* [Task statement]
For every record below, write out an exact copy.

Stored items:
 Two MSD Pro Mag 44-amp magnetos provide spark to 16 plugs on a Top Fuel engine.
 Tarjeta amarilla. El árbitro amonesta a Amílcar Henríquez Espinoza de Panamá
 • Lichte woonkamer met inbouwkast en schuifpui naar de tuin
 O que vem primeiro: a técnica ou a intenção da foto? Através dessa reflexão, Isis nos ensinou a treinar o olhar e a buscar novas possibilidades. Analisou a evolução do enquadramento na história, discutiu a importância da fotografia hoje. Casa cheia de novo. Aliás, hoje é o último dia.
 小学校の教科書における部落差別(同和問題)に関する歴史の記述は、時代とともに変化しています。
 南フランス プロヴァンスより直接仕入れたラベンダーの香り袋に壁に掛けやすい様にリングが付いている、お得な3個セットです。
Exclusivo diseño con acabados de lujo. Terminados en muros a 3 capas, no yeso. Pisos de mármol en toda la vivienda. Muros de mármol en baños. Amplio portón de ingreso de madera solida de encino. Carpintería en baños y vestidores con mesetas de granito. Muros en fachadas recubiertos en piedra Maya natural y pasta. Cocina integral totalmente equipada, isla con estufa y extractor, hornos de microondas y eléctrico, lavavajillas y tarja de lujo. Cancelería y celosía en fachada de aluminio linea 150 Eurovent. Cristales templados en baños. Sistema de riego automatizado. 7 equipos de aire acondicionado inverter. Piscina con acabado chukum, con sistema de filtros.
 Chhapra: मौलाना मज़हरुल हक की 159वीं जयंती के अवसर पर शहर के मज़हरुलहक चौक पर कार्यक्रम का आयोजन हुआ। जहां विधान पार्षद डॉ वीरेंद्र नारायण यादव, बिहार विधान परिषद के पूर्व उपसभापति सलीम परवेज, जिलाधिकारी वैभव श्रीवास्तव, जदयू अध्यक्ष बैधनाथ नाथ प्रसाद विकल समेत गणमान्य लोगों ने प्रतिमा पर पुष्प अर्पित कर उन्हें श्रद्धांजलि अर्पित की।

* [Solved problem]
 Two MSD Pro Mag 44-amp magnetos provide spark to 16 plugs on a Top Fuel engine.
 Tarjeta amarilla. El árbitro amonesta a Amílcar Henríquez Espinoza de Panamá
 • Lichte woonkamer met inbouwkast en schuifpui naar de tuin
 O que vem primeiro: a técnica ou a intenção da foto? Através dessa reflexão, Isis nos ensinou a treinar o olhar e a buscar novas possibilidades. Analisou a evolução do enquadramento na história, discutiu a importância da fotografia hoje. Casa cheia de novo. Aliás, hoje é o último dia.
 小学校の教科書における部落差別(同和問題)に関する歴史の記述は、時代とともに変化しています。
 南フランス プロヴァンスより直接仕入れたラベンダーの香り袋に壁に掛けやすい様にリングが付いている、お得な3個セットです。
Exclusivo diseño con acabados de lujo. Terminados en muros a 3 capas, no yeso. Pisos de mármol en toda la vivienda. Muros de mármol en baños. Amplio portón de ingreso de madera solida de encino. Carpintería en baños y vestidores con mesetas de granito. Muros en fachadas recubiertos en piedra Maya natural y pasta. Cocina integral totalmente equipada, isla con estufa y extractor, hornos de microondas y eléctrico, lavavajillas y tarja de lujo. Cancelería y celosía en fachada de aluminio linea 150 Eurovent. Cristales templados en baños. Sistema de riego automatizado. 7 equipos de aire acondicionado inverter. Piscina con acabado chukum, con sistema de filtros.
 Chhapra: मौलाना मज़हरुल हक की 159वीं जयंती के अवसर पर शहर के मज़हरुलहक चौक पर कार्यक्रम का आयोजन हुआ। जहां विधान पार्षद डॉ वीरेंद्र नारायण यादव, बिहार विधान परिषद के पूर्व उपसभापति सलीम परवेज, जिलाधिकारी वैभव श्रीवास्तव, जदयू अध्यक्ष बैधनाथ नाथ प्रसाद विकल समेत गणमान्य लोगों ने प्रतिमा पर पुष्प अर्पित कर उन्हें श्रद्धांजलि अर्पित की।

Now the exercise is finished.